The army life still called to her and Christian decided to stay following the Scots Greys. This led to a brief relationship with a Captain Ross, hence the nickname Mother Ross, and a 3 month marriage with a man called Hugh Jones, before he died also.[11] The wandering life never left her even when she returned to Ireland. She owned many pubs but never settled on one, despite her third and final marriage. Despite her return to a somewhat normal life, Christian remained a celebrity from her life in the army, so in some ways the army had never left her. She was presented to Queen Anne and received a £50 and 1 shilling pension from her, besides a separate pension from the Duke of Marlborough.[12] In her final years she was accepted as a pensioner at the Royal Chelsea Hospital and died there on the 7th of July 1739, later to be given a funeral with full military honours.[13]
Whilst there is debate as to whether the posthumous biography on Christian Davies, under the name of Kit Cavanagh, used her own words, it does certainly shed light on life in an army camp at that time.[14] It became a go-to book on women’s experience of war during the early part of the eighteenth century, which was often overlooked at the time.[15] Yet there is a more complex context behind it than who’s words were used to create this biography. It did one of two things; help promote nationalism for men and women at a time of further conflict during the Anglo-Spanish War and the War of Austrian Succession and celebrated a woman who was able to defy the typical gender roles that were expected of her.[16]

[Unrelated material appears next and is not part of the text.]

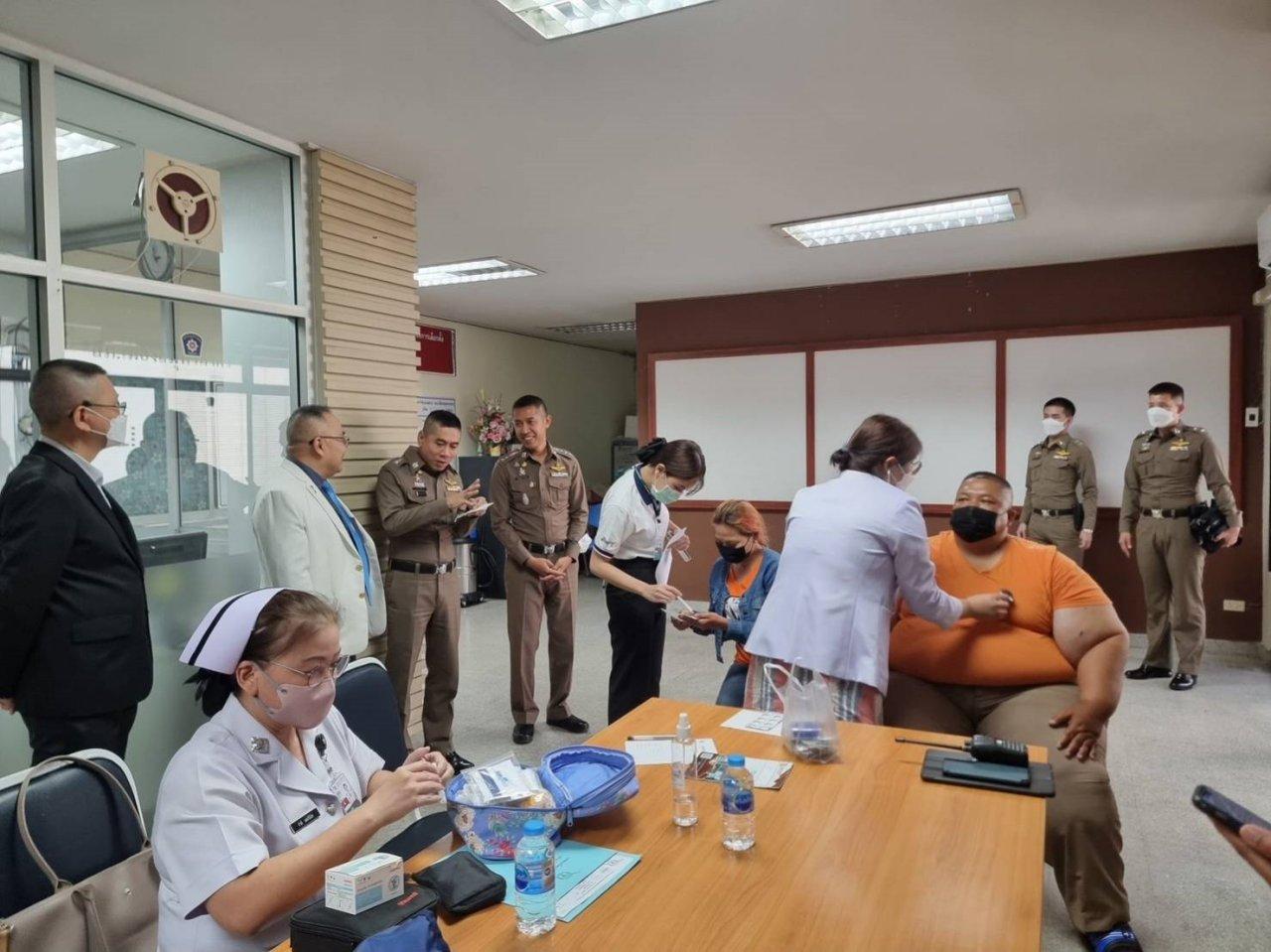 นายแพทย์ใหญ่ รพ.ตำรวจ เข้าตรวจดูอาการดาบช้างเบื้องต้น ที่ สภ.เมืองสมุทรสาคร ก่อนจะนัดให้เข้าไปรับการรักษาโรคอ้วนที่ รพ.ตำรวจ 24 เม.ย. 2566 นี้ ตามสิทธิสวัสดิการกำลังพล โดยไม่มีค่าใช้จ่าย

[1] Wynn, S. and Wynn, T., A History of the Royal Hospital Chelsea, 1682-2017 (Barnsley: Pen & Sword, 2019), p. 192.
[2] Wynn, S. and Wynn, T., A History of the Royal Hospital Chelsea, p. 193; Broderick, M., Wild Irish Women (Dublin: O’Brien Press, 2012).

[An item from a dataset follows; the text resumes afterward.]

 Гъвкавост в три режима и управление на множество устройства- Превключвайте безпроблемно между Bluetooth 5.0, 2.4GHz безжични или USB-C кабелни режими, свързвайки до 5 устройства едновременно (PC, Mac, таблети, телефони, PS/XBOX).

[3] Traynor, J., ‘The crossdresser from Dublin who tricked the British Army’, The Irish Times, 27 June 2018, https://www.irishtimes.com/life-and-style/abroad/the-crossdresser-from-dublin-who-tricked-the-british-army-1.3544764
[4] Wynn, S. and Wynn, T., A History of the Royal Hospital Chelsea, p. 193.
[5] Wynn, S. and Wynn, T., A History of the Royal Hospital Chelsea, p. 194; Broderick, M., Wild Irish Women.
[6] Wynn, S. and Wynn, T., A History of the Royal Hospital Chelsea, p. 194.
[7] Broderick, M., Wild Irish Women.
[8] Broderick, M., Wild Irish Women.
[9] Wynn, S. and Wynn, T., A History of the Royal Hospital Chelsea, pp. 194-195.
[10] Wynn, S. and Wynn, T., A History of the Royal Hospital Chelsea, p. 195.
[11] Wynn, S. and Wynn, T., A History of the Royal Hospital Chelsea, p. 196.
[12] Wynn, S. and Wynn, T., A History of the Royal Hospital Chelsea, p. 196; Broderick, M., Wild Irish Women.
[13] Wynn, S. and Wynn, T., A History of the Royal Hospital Chelsea, p. 196.
[14] Lynn, J. A., ‘Essential Women, Necessary Wives, and Exemplary Soldiers: The Military Reality and Cultural Representation of Women’s Military Participation (1660-1815)’, in Hacker, B. C. and Vining, M. (eds), A Companion to Women’s Military History (Leiden: Brill, 2012), p. 127.
[15] Lynn, J. A., ‘Essential Women, Necessary Wives, and Exemplary Soldiers’, p. 127.
[16] Bowen, S., ‘”The Real Soul of a Man in her Breast”: Popular Opposition and British Nationalism in Memoirs of Female Soldiers, 1740-1750’, Eighteenth-Century Life, 28.3 (2004), p. 20; J. Wheelwright, ‘”Amazons and Military Maids”: An Examination of Female Heroines in British Literature and the Changing Construction of Gender’, Women’s Studies International Forum, 10.5 (1987), cited in Bowen, S., “The Real Soul of a Man in her Breast”, p. 21.